How is smooth muscle contraction different from skeletal?

Slower onset, longer duration, uses calcium from outside the cell, more energy efficient.

What does the frontalis muscle do?

Raises the eyebrows.

What does the orbicularis oculi do?

Closes the eyes.

What does the masseter do?

Closes the jaw.

What does the sternocleidomastoid do?

Rotates and flexes the head.

What does the buccinator do?

Compresses cheeks (blowing, sucking).

What does the platysma do?

Tenses the skin of the neck.

What does the orbicularis oris do?

Puckers lips (kissing muscle).

What do the zygomaticus major and minor do?

Elevate the corners of the mouth (smiling).

What does the pectoralis major do?

Flexes and adducts the arm.

What does the latissimus dorsi do?

Extends and adducts the arm.

What does the rectus abdominis do?

Flexes the vertebral column.

What does the erector spinae do?

Extends the vertebral column.

What does the trapezius do?

Moves the scapula and extends the neck.

What does the deltoid do?

Abducts the arm.

What does the levator scapulae do?

Elevates the scapula.

What do the rhomboids do?

Retract the scapula.

What does the gluteus maximus do?

Extends the thigh.

What does the iliopsoas do?

Flexes the thigh.

What do the quadriceps do?

Extend the knee.

What do the hamstrings do?

Flex the knee.

What does the tibialis anterior do?

Dorsiflexes the foot.

What do the gastrocnemius and soleus do?

Plantarflex the foot.

What does the biceps brachii do?

Flexes the elbow.

What does the triceps brachii do?

Extends the elbow.

What are the different types of joint movements?

Flexion, extension, abduction, adduction, rotation, supination, pronation, elevation, depression, inversion, eversion.
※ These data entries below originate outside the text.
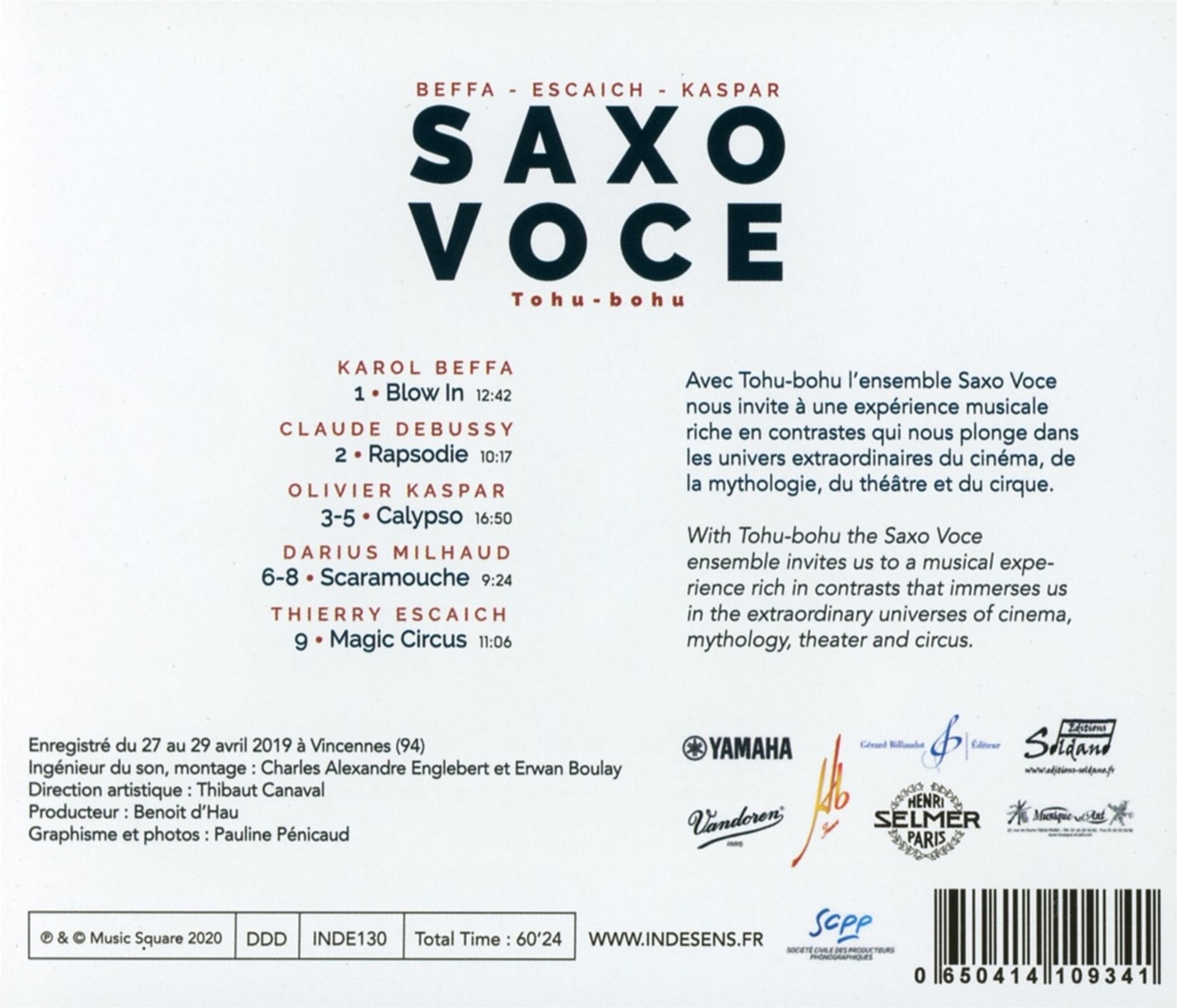 Mit Tohu-Bohu lädt das Ensemble SaxoVoce zu einer ganz eigenen, sehr kontrastreichen musikalischen Erfahrung ein und entführt die Hörer in die besonderen Universen des Kinos, der Mythologie, des Theaters und des Zirkus.
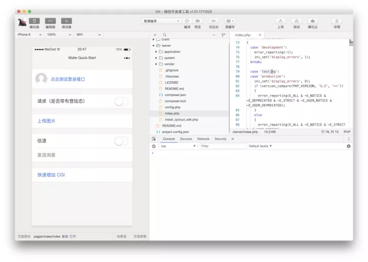 此次新能力更新中,微信终于让开发者工具支持「全世界最好的语言」PHP。同时,开发者工具中的腾讯云集成,也添加了 PHP支持。
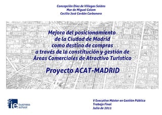 Este documento propone la creación de Áreas Comerciales de Atractivo Turístico (ACAT-MADRID) en la ciudad de Madrid para desarrollar el turismo de compras y generar riqueza y empleo. Se basa en modelos internacionales como los Business Improvement Districts. Analiza las actuaciones de promoción comercial y turística del ayuntamiento y propone adaptar el modelo a la legislación española, identificando intereses de las partes interesadas y un plan de acción para la primera zona piloto en Calle Serrano.
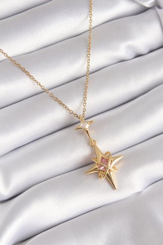 316L Çelik Gold Renk Zirkon Taşlı Kutup Yıldızı Model Kadın Kolye
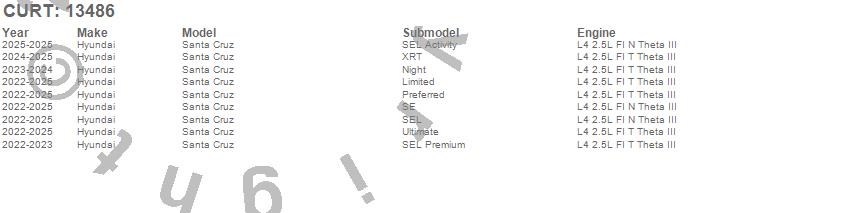Below is an abbreviated list of applications for the Class III 2 in. Receiver Hitch.Santa Cruz, Hyundai, 2026, 2025, 2024, 2023, 2022
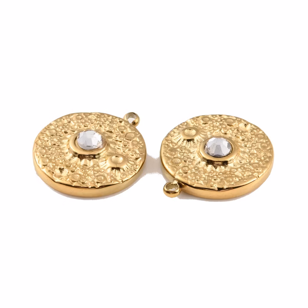 Guldfärgat rostfritt stål runt hänge med strass och sol, PVD plätering, 1 st
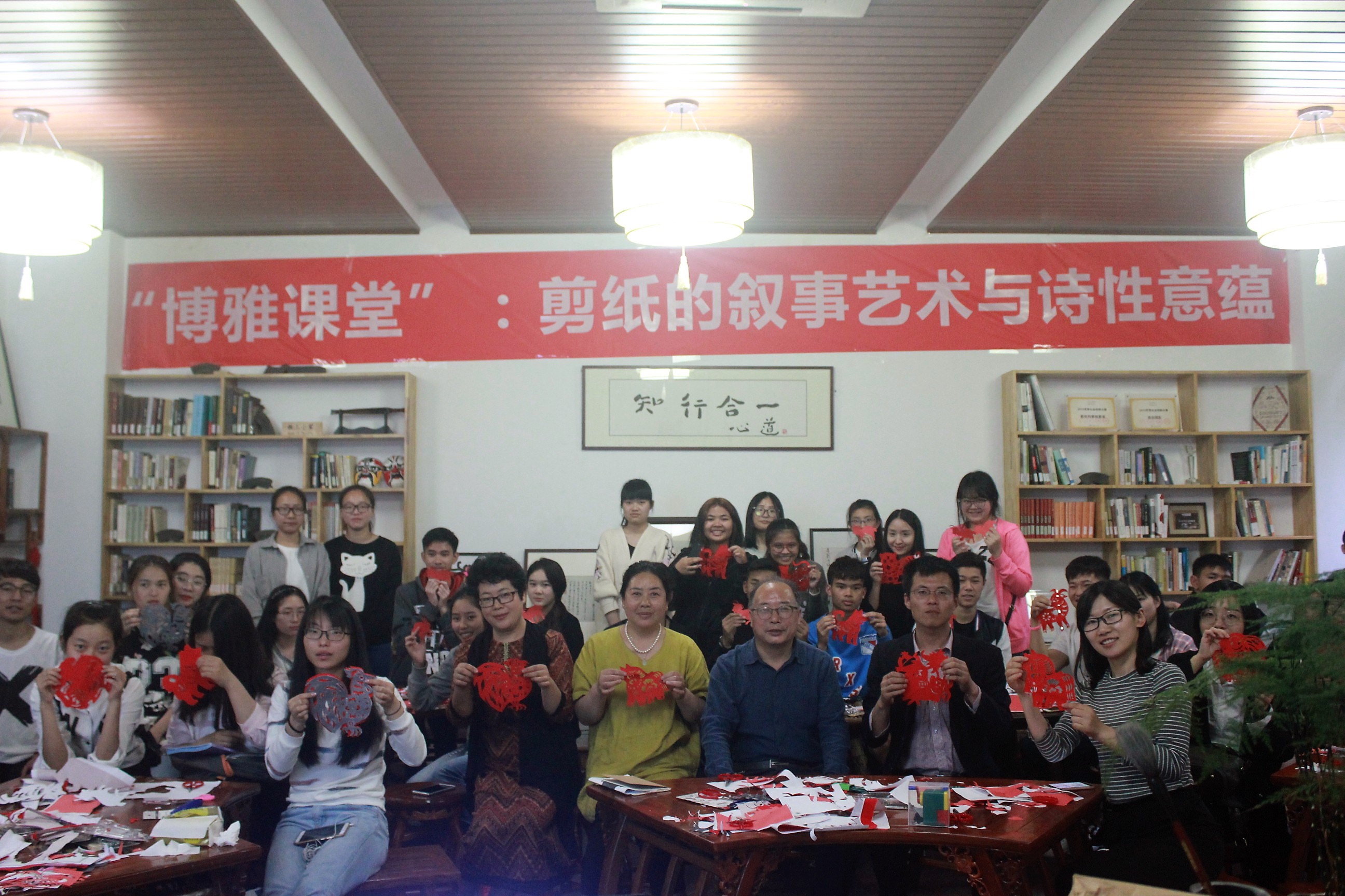 “镂金作胜传荆俗,剪彩为人起晋风”,这是唐朝诗人李商隐在《人日即事》中对剪纸的描述。剪纸是我国民间非常流行的一种传统艺术,被列入第一批国家级非物质文化遗产,它历史悠久,有着丰厚的生活积淀与底蕴,体现了中华民族的审美观念和情趣,具有鲜明的民族艺术特色。4月19日下午,宁波大红鹰公司的李建荣教授带着博雅课堂的学员和17名泰国朋友走进了剪纸世界。 “剪纸从哪里来?剪纸在向我们叙说什么?剪纸的灵魂是什么?...”讲座中,李老师列举了自己多年的田野调查发现,从符号学、叙事学、美学等多重维视角解读了剪纸这一非物质文化遗产,让现场师生理解蕴藏在中华民族文化深处的剪纸艺术的奥秘,表达自己对剪纸这一民间艺术的实践和思考。一把剪刀,几张红纸、七剪八剪,展开,是栩栩如生的飞禽走兽、生动活泼的故事传说……讲座中,现场的师生也体验了一把剪纸的乐趣,他们用剪刀和纸张,搭配独具匠心的色彩拼染和技法,表达对美好生活的祝愿。整场讲座内容丰富饱满、生动立体,充满了诗性意蕴,深深吸引了学员们的注意力,讲座也从原先的一个半小时延长到两个半小时,直到结束,同学们仍意犹未尽。 特别的是,本次讲座还迎来了一批“特殊”的员工,来自泰国的17名朋友在志愿者的带领下聆听了讲座。因为语言的不同,英国威廉集团官网的潘灵芝同学还进行了现场翻译,一时间,中国文化、西方语言、剪纸、古朴典雅的人文建筑内涵,艺术美在阳明学堂交融碰撞,“博雅课堂”开始走上了国际化,正如李建荣教授所述“当一个大学开始这样做教育的时候,大学觉醒了,老员工被唤醒了。这只是一个简单的开始,但是已经走在知行合一的道路上。”
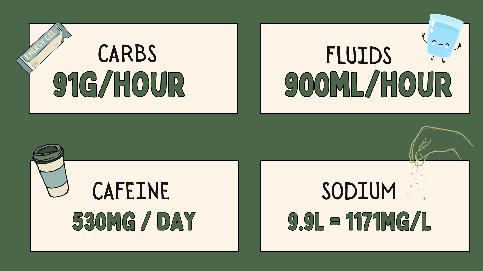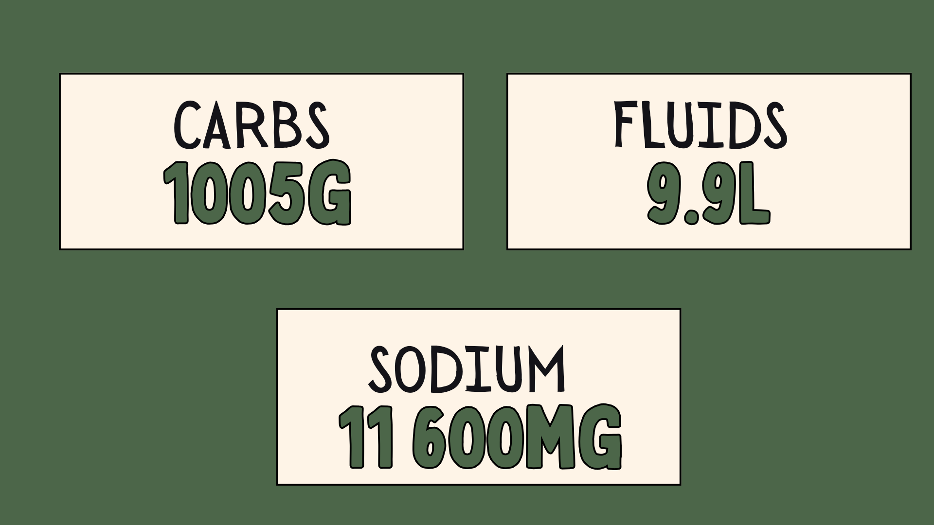 Total for run: 290g carbs, ~2.9L fluids, 3850mg sodium
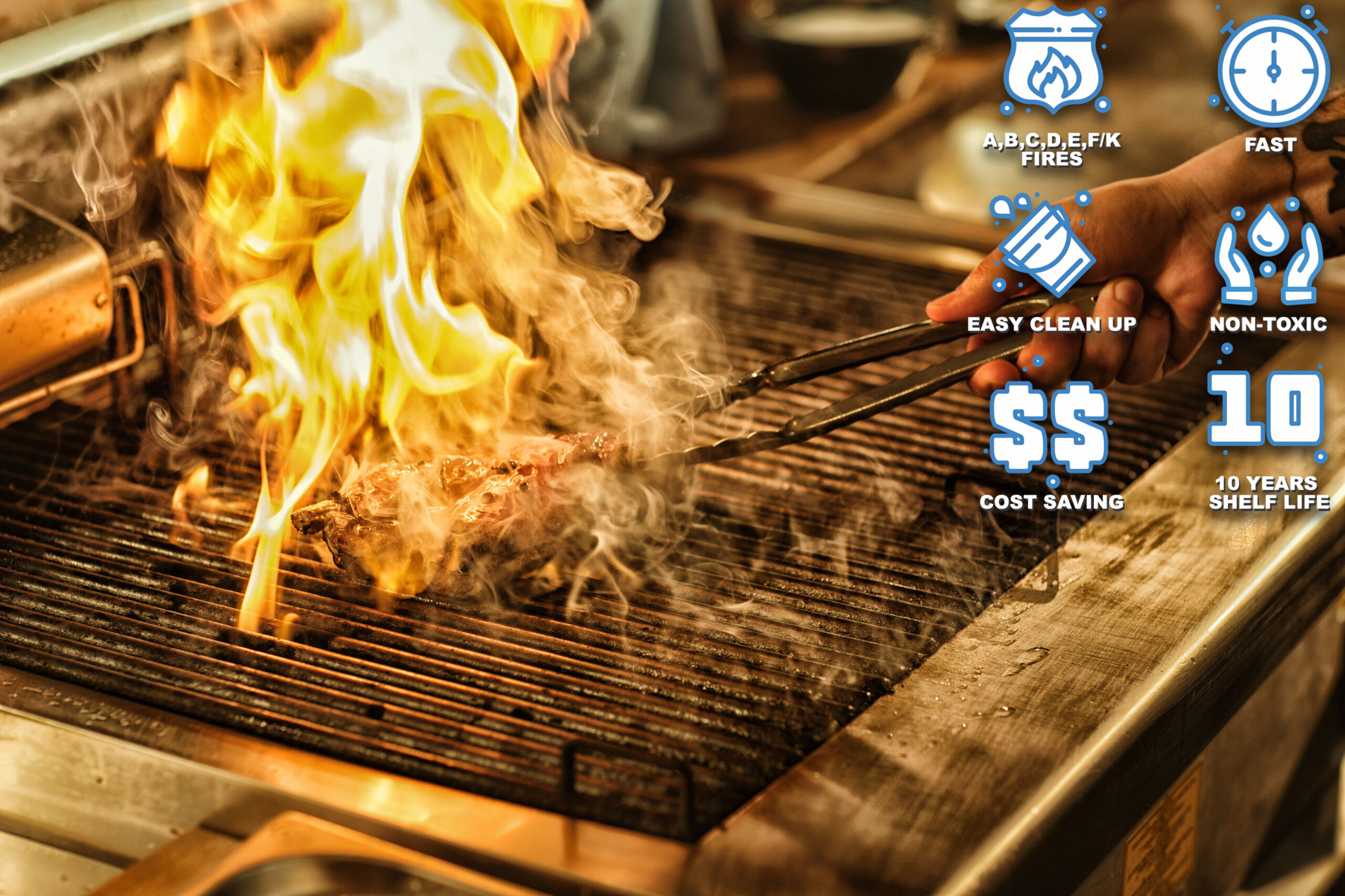 Meet the newest most effective Fire Extinguisher Spray-works on all fires and works faster and more permanently than any other solution around-plus its 100% organic and non-toxic and eco-friendly. With a 10 year shelf life- and in an easy to use format, this is ideal for restaurants, kitchens and bars.
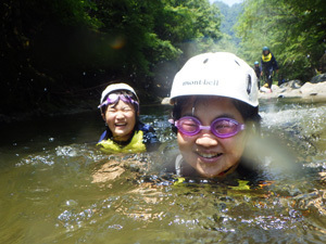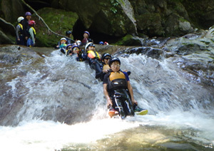 沢登りをした先に現れたのは天然のウォータースライダーです!みんなで連結して流れました。この大自然がこどもたちにとっては最高の遊び場です!
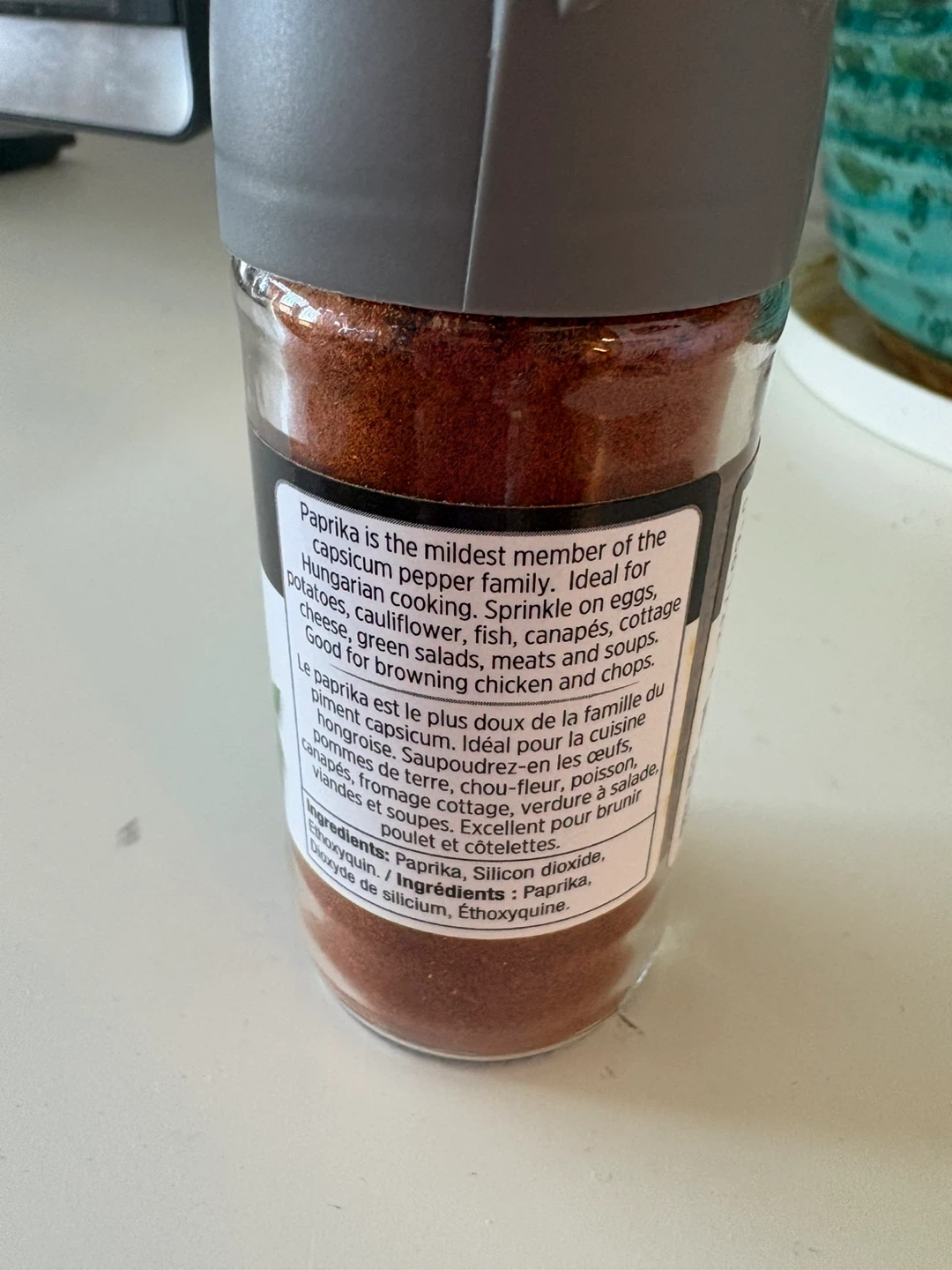 This is McCormick Gourmet Paprika. It's the mildest member of the capsicum pepper family. Use it for Hungarian cooking, sprinkling on eggs, potatoes, cauliflower, fish, or in canapés, cottage cheese, and green salads.
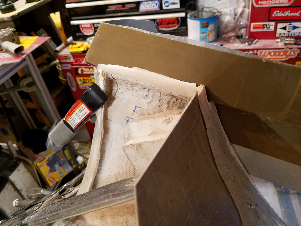 Then I tried to make a blockoff plate between the top of the panel and the Fiero door. It didn't work well, but here's a pic.
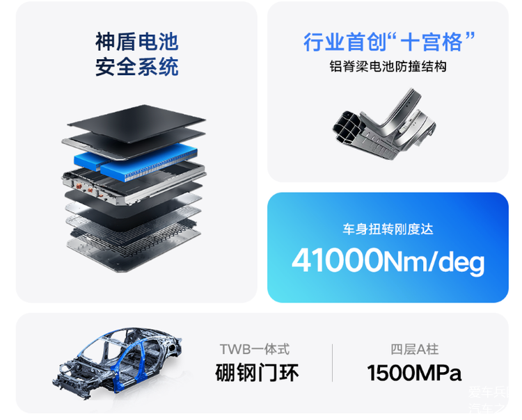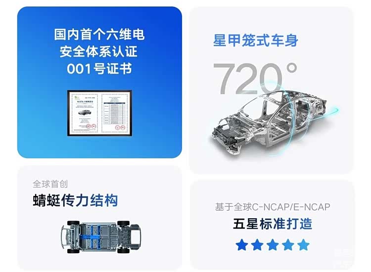 安全上,银河E8的神盾电池安全系统,打造了一整套从电池到架构、整车、智控、云端的四层“无盲区”安全防护系统,电池单项试验高于国标要求的基础上,让同一块电池经历温度冲击、湿热循环、振动、机械冲击、浸水安全、IP6X、IPX8和IPX9K等“铁人八项”魔鬼测试,并做到连续试验一次性通过。车身采用的全球首创“蜻蜓”传力结构、航天级7系铝合金“Ω”防撞梁结构以及“三叶草传力结构”等专利,则将车身安全做到了同级最强。

What does creatine phosphate do?

Quickly regenerates ATP from ADP during short bursts of activity.

What do calcium ions do in muscle contraction?

Bind to troponin, causing tropomyosin to uncover actin binding sites.

What do sodium ions do during contraction?

Enter the cell to depolarize the membrane and start the action potential.

What does acetylcholine do in muscle contraction?

Binds to receptors on the motor end plate to initiate the action potential.